Intel 14A, which uses High-NA EUV — which Intel is the first to deploy — remains contingent on securing a major external foundry customer. The good news is that Intel has said it has two prospective customers in the works following early PDK access, and CEO Lip-Bu Tan reckons that firm supplier decisions will be made in the “second half of this year… extending into the first half of 2027.” A lot is riding on these prospective customers, with Intel having publicly discussed the possibility of slowing or cancelling 14A and subsequent nodes if external foundry revenue does not materialize at scale. Without it, the capital expenditure required to develop and ramp leading-edge nodes past 18A will become extremely difficult to justify.
The future of Intel
Whether Clearwater Forest's 2026 launch materializes will be a solid indication of whether 18A performs at the scale Intel has projected, while Panther Lake's rollout through laptop OEMs will test whether 18A volume manufacturing is genuinely ramping up or still constrained to early production quantities.

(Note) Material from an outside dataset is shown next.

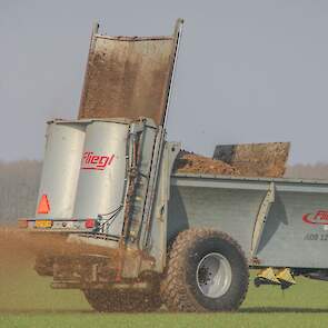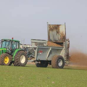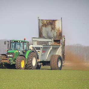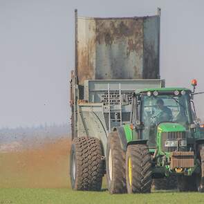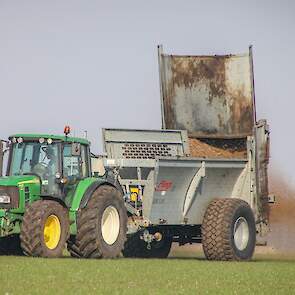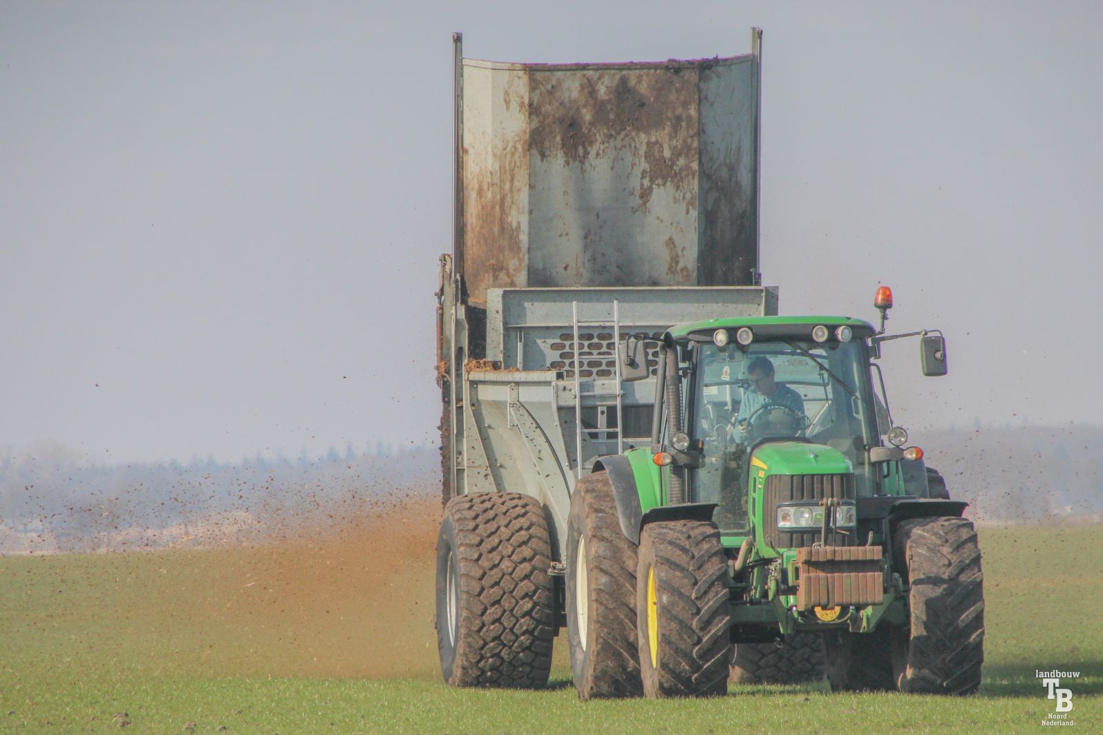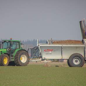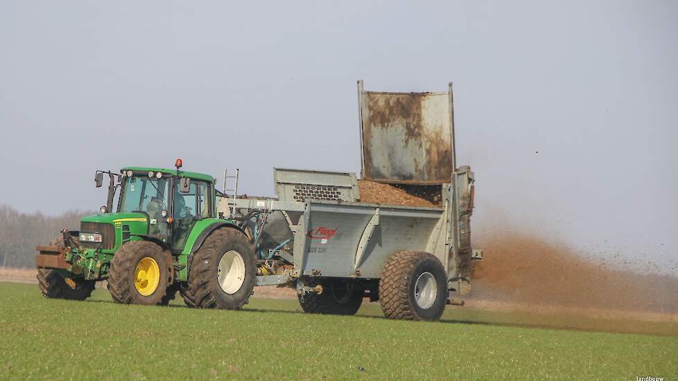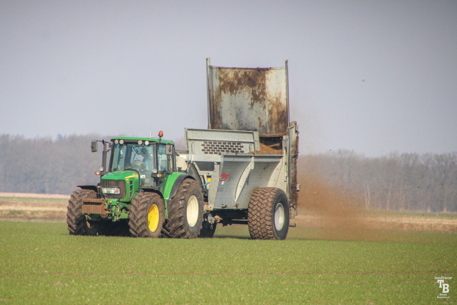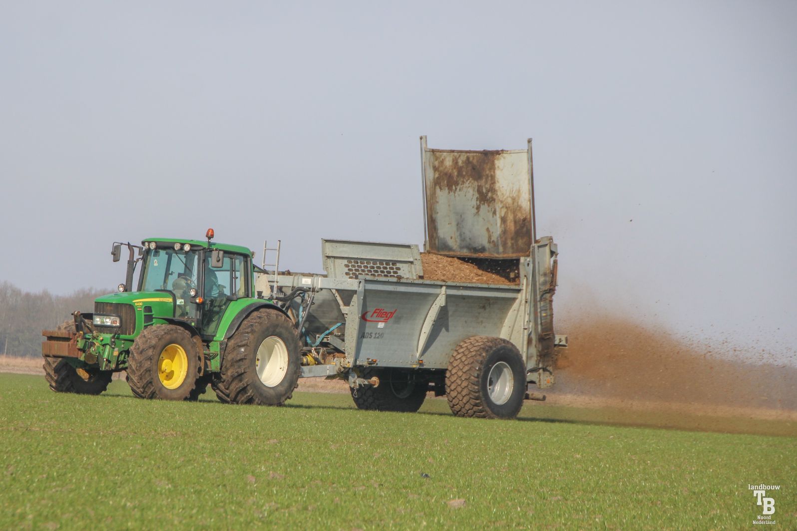 Kippenmest verspreiden met een John Deere 6430 met daarachter een Fliegl ADS 120.

Meanwhile, any announcement from Intel Foundry on an external customer committing to 18A or beginning 14A engagement could substantially change the economics of Intel’s roadmap.
During the 10nm era, Intel's manufacturing problems were visible and protracted over several years. Today's timeline is more compressed, and Intel’s public milestones — Panther Lake and Clearwater Forest shipping on 18A in close succession — are specific enough to hold the company to account.